According to sources, Rangers have requested the Sindh High Court to forgo revealing other details of the report before the public on account of what they called its sensitive nature.

Explore: Two years on, few lessons learned from Baldia factory fire

The court again ordered the Sindh government to compensate 128 legal heirs of the deadly fire's victims still awaiting relief, and present a report before the court in this regard within a week's time.

The hearing of the case has been adjourned for a week.

The fire at the Ali Enterprises factory in Karachi's Baldia Town, considered to be the country’s worst industrial incident, killed more than 250 people and injured many others on Sept 11, 2012.

Take a look: Nation’s worst industrial tragedy swallows at least 258

After the Baldia fire, the European Parliament told big brands to re-examine their supply chains in Pakistan and demanded the creation of a new effective and independent system to monitor factories.

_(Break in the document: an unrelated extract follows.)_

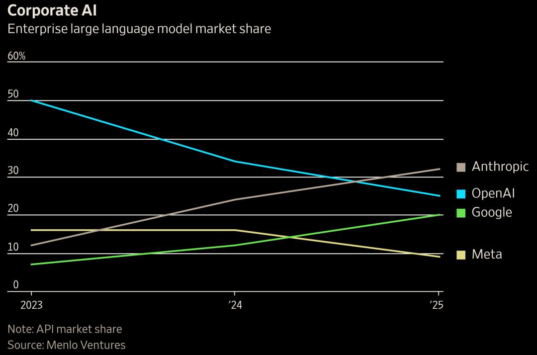 AI市场B端用户市场份额分布,Anthropic为32%,而OpenAI为25%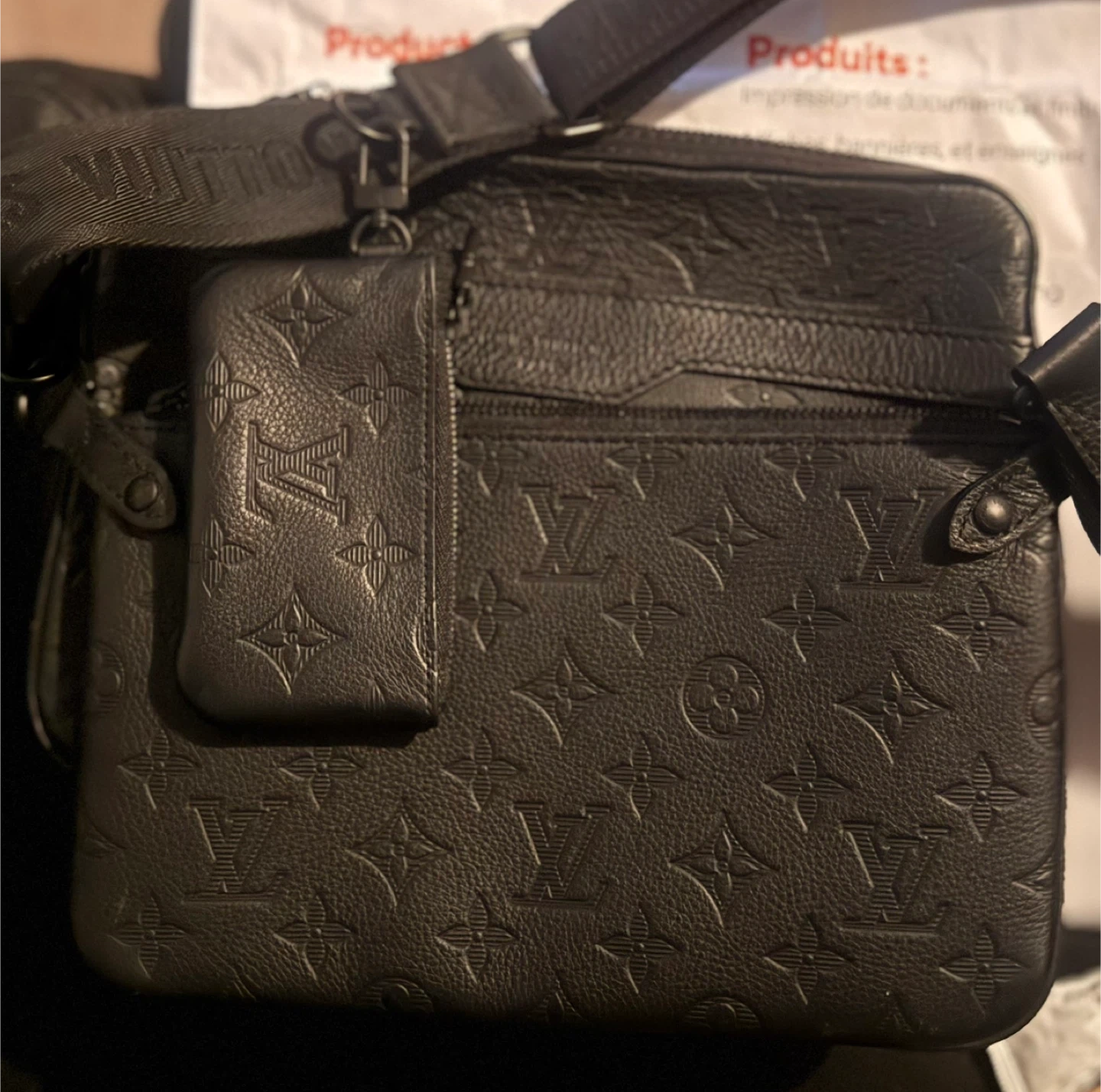 This is a Louis Vuitton messenger bag. It's black with the signature monogram pattern embossed all over. It includes a detachable pouch and adjustable strap. Got receipt for it and we can even meet at the Louis store

This has not been done.

A judicial probe into the blaze was damning, pointing to a lack of emergency exits, poor safety training for workers, the packing in of machinery and the failure of government inspectors to spot any of these faults.

Nearly two years after the fire, the victims’ families received a total of $1.67 million in immediate compensation paid by the factory owners and the German company KIK, which bought much of the production. Negotiations are still going on for long-term benefits.